Government agencies rely on hundreds of systems of record, most of which must routinely interact with growing stores of data in various repositories, both on site and in the cloud. Despite these challenges, agencies must be able to remain efficient, citizen-centric and mission-ready.

So how can agencies find, access and unlock the data they need to support the mission without compromising security? The key is enabling enterprise data integration, using APIs as standard building blocks. With this approach, agencies will run more efficiently, innovate independently without having to change the entire call stack with each new release of the underlying system of record, and generally drive reuse across disparate sets of groups and individuals, all while enforcing zero trust access.

Getting to this point requires achieving three pillars:

Pillar One: Declarative connectivity to all data sources

Without connectivity to all data sources, agencies can’t get much done. That’s why evaluating any platform should include understanding what type of connectors are provided. If these connectors are reusable, enabling APIs to connect multiple systems and applications, even better. Evaluating connectivity also should involve examining how dependencies are managed, along with the ability to expose data sources. That continuum of capabilities gets to the heart of connectivity.
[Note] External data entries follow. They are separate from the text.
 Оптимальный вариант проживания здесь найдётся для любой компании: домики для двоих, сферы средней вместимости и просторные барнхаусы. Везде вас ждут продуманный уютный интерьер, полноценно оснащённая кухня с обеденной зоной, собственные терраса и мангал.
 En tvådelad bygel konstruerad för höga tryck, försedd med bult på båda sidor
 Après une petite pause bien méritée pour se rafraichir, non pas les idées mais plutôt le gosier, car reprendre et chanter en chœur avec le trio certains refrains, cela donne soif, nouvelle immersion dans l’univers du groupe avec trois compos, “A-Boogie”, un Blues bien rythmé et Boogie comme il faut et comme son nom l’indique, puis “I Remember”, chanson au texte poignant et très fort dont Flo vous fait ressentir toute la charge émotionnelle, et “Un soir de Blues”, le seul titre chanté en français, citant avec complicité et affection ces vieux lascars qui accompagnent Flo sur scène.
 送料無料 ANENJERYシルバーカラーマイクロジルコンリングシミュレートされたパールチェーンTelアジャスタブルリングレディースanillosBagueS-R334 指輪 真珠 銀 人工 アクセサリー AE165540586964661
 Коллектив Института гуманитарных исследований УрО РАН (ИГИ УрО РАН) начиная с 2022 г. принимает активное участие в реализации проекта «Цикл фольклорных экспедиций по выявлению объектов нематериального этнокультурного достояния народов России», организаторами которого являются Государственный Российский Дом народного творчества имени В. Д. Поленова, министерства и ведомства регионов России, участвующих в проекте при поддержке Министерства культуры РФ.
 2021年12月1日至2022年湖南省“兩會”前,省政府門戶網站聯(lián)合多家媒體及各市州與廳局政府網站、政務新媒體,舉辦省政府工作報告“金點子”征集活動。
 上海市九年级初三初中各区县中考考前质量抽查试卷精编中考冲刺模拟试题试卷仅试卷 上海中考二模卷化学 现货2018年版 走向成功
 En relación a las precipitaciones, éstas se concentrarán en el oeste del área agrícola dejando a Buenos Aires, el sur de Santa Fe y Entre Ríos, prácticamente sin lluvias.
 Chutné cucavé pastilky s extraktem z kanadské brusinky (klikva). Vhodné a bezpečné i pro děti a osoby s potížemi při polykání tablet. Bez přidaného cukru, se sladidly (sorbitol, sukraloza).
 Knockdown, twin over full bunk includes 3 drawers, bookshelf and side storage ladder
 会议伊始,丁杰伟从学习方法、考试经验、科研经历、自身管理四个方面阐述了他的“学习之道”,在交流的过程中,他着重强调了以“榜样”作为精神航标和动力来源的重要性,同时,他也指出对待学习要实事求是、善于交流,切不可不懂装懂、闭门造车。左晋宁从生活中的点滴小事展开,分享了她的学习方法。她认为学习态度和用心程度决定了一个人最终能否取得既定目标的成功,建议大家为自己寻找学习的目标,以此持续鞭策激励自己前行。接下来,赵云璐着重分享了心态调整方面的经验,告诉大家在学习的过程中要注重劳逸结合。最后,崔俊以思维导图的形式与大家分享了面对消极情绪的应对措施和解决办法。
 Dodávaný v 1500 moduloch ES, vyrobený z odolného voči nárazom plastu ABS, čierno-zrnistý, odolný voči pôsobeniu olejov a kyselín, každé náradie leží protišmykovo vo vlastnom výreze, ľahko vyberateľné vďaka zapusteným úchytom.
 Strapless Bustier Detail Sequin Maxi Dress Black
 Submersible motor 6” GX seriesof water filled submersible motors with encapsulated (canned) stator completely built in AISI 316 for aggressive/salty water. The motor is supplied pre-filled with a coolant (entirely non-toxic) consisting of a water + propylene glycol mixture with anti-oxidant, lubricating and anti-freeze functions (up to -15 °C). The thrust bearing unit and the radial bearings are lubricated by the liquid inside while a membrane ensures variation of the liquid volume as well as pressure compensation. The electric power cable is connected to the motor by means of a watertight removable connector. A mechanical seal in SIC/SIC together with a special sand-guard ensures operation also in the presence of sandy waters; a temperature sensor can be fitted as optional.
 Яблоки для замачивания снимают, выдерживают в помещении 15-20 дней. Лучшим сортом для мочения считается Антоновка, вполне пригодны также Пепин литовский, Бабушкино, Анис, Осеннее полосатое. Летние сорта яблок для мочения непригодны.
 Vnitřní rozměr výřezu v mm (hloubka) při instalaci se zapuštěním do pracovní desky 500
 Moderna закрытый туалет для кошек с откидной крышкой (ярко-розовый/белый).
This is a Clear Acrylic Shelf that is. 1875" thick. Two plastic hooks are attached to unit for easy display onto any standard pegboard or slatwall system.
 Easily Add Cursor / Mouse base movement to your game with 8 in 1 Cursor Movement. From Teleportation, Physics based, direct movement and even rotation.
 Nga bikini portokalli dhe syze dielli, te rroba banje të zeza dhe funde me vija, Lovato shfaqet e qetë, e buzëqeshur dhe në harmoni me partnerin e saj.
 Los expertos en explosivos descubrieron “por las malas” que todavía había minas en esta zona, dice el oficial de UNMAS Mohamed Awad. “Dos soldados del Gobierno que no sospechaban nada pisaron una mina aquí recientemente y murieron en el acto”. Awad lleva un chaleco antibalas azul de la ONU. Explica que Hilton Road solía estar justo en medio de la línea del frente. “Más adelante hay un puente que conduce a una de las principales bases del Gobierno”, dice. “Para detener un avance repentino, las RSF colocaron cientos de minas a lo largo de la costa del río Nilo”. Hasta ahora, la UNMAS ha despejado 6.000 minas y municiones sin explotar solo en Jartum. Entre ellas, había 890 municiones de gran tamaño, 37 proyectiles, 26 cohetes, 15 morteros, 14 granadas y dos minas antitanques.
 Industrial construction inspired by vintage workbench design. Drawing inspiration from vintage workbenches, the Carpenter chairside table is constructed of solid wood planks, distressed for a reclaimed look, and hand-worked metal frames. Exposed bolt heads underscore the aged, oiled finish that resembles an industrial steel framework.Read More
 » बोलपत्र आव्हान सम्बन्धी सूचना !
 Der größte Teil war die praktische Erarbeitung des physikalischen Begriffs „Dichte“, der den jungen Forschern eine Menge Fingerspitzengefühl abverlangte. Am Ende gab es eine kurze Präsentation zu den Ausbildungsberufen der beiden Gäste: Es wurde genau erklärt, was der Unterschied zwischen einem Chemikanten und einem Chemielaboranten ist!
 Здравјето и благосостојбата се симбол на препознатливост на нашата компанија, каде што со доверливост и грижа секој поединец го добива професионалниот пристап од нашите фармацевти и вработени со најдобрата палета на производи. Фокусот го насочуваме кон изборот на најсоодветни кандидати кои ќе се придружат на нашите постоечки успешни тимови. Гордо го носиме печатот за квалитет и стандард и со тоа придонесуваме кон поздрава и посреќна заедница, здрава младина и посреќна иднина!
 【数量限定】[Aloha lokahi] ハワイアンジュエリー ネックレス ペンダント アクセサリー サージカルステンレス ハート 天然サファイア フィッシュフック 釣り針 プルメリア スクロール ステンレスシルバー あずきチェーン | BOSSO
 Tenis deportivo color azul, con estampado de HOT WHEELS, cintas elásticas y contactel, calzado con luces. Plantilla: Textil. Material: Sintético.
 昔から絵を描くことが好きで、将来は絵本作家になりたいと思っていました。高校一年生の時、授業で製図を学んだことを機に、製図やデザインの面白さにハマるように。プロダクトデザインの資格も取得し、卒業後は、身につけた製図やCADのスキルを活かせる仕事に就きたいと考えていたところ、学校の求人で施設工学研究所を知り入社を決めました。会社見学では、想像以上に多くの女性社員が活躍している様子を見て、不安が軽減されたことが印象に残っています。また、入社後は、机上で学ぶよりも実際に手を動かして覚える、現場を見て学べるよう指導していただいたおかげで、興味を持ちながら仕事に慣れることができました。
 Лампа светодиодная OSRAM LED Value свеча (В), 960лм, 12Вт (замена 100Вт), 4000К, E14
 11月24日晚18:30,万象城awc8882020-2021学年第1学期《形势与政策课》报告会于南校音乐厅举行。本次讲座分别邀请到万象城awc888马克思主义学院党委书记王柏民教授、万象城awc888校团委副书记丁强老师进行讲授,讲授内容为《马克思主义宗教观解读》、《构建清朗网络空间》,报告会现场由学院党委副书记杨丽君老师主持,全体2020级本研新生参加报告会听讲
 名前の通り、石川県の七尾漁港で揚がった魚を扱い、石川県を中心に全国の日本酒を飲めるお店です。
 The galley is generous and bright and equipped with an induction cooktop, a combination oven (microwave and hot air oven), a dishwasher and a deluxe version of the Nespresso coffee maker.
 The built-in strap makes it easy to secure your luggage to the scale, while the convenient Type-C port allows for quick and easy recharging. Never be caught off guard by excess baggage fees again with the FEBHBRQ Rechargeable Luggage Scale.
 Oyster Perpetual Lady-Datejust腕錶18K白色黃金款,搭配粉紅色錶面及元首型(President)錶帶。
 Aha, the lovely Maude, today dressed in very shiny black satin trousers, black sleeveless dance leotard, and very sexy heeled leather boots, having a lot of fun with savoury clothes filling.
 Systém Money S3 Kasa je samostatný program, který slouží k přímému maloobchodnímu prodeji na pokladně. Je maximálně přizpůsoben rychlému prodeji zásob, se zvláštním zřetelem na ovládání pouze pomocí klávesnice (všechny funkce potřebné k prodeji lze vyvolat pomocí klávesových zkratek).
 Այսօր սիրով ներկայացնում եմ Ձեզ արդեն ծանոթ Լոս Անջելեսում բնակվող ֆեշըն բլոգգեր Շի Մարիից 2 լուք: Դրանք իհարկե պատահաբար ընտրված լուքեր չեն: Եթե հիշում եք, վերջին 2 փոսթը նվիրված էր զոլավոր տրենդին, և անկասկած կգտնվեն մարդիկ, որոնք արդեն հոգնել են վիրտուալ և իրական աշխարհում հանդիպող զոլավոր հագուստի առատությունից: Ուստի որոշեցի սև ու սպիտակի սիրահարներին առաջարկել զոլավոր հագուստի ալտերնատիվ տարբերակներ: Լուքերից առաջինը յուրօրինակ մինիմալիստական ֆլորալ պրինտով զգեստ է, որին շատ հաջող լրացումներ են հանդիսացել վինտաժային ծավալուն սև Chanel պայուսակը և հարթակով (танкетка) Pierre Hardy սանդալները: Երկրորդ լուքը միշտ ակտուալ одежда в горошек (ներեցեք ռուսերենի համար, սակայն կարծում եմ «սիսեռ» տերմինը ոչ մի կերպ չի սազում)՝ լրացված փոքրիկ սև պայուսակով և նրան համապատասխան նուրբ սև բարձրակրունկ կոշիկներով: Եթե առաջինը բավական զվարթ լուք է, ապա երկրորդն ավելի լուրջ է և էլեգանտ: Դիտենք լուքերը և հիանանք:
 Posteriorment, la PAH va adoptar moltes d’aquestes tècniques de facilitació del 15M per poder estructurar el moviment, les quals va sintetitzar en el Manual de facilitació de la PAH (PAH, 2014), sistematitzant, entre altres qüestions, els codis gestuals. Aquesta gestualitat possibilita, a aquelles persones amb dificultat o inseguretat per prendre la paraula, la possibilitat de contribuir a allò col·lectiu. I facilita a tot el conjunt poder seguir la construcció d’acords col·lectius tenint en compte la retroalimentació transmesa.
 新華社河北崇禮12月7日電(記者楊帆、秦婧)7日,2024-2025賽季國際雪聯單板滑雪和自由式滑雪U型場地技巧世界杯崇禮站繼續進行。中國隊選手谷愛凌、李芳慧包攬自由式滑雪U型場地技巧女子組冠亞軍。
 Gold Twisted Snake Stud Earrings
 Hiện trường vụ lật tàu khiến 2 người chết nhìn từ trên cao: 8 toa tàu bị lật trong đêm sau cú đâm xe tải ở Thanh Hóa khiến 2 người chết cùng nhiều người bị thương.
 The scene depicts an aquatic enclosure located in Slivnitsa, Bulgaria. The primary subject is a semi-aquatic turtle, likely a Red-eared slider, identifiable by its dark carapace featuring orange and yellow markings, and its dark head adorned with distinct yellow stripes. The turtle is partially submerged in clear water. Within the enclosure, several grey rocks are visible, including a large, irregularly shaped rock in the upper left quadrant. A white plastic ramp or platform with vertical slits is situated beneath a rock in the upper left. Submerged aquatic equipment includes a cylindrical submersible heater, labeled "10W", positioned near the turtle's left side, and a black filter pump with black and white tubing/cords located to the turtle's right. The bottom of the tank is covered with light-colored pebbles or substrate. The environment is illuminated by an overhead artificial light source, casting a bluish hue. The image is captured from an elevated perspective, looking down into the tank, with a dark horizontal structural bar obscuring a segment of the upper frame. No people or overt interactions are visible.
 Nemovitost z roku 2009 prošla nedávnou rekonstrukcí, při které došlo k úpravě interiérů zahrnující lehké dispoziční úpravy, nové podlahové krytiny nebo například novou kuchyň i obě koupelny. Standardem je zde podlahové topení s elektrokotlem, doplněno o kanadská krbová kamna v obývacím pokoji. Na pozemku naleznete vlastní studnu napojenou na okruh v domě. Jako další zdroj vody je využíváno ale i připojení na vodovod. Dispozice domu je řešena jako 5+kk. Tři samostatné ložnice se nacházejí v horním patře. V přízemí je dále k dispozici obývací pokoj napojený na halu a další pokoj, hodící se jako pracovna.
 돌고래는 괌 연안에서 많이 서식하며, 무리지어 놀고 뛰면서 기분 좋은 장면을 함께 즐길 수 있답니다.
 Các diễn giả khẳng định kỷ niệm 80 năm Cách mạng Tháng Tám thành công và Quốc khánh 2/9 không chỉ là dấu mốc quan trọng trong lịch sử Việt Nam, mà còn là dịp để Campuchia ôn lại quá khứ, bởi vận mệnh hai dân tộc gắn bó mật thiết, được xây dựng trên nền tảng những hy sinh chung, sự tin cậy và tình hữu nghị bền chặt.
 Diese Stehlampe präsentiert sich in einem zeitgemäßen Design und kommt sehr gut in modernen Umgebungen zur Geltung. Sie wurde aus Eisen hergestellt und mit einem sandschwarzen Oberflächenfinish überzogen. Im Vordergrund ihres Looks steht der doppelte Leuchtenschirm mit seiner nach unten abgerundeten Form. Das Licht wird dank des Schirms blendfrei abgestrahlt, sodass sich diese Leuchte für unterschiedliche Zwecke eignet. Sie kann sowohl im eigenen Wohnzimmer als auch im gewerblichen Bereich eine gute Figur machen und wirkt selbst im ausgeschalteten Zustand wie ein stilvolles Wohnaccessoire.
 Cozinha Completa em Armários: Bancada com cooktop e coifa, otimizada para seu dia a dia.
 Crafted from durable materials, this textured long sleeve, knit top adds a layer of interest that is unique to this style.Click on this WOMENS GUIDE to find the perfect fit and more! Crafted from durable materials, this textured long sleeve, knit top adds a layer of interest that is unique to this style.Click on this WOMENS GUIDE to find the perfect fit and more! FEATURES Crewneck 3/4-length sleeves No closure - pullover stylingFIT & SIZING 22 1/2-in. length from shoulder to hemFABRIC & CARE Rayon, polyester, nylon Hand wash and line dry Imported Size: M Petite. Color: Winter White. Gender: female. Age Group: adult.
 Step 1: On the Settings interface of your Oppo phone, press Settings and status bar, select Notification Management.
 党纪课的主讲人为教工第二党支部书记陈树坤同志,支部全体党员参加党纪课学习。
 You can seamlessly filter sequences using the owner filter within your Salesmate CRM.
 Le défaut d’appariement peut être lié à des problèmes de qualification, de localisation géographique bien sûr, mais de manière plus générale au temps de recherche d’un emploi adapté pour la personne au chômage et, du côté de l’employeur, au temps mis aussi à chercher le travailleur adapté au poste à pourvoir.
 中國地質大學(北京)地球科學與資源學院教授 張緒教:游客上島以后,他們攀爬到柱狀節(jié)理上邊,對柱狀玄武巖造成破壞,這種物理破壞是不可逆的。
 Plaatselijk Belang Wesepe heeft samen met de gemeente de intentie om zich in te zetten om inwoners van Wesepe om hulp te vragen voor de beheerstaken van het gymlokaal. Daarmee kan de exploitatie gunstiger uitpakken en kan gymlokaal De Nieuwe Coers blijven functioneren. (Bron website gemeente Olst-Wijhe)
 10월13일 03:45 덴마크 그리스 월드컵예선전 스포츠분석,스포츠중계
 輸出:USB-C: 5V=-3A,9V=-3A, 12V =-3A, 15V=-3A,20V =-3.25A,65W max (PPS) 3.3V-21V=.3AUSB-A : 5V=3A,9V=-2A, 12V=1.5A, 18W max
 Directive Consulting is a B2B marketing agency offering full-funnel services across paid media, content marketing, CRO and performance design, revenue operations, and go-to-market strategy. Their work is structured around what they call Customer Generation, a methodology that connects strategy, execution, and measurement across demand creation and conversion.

Pillar Two: The ability to orchestrate data over multiple channels

It’s critical to be able to support multi-channel access to data under different contexts without having to duplicate the business logic. And because data flows in all directions, your data service platform also should be able to support real-time as well as event-based and batch-oriented flows. It should also embrace data virtualization—being able to separate where data is housed from how it is visualized or used, change the location of the network topology for a service without having to update any of the underlying clients accessing that data. The platform also should be able to keep multiple systems of record in sync and orchestrate events across systems of record.

Pillar 3: Security controls that enable zero trust

The ability to demonstrate full control of data in flight, standardize encryption, provide role-based access and single sign-on, and comply with applicable security requirements are all critical to achieving and maintaining zero trust.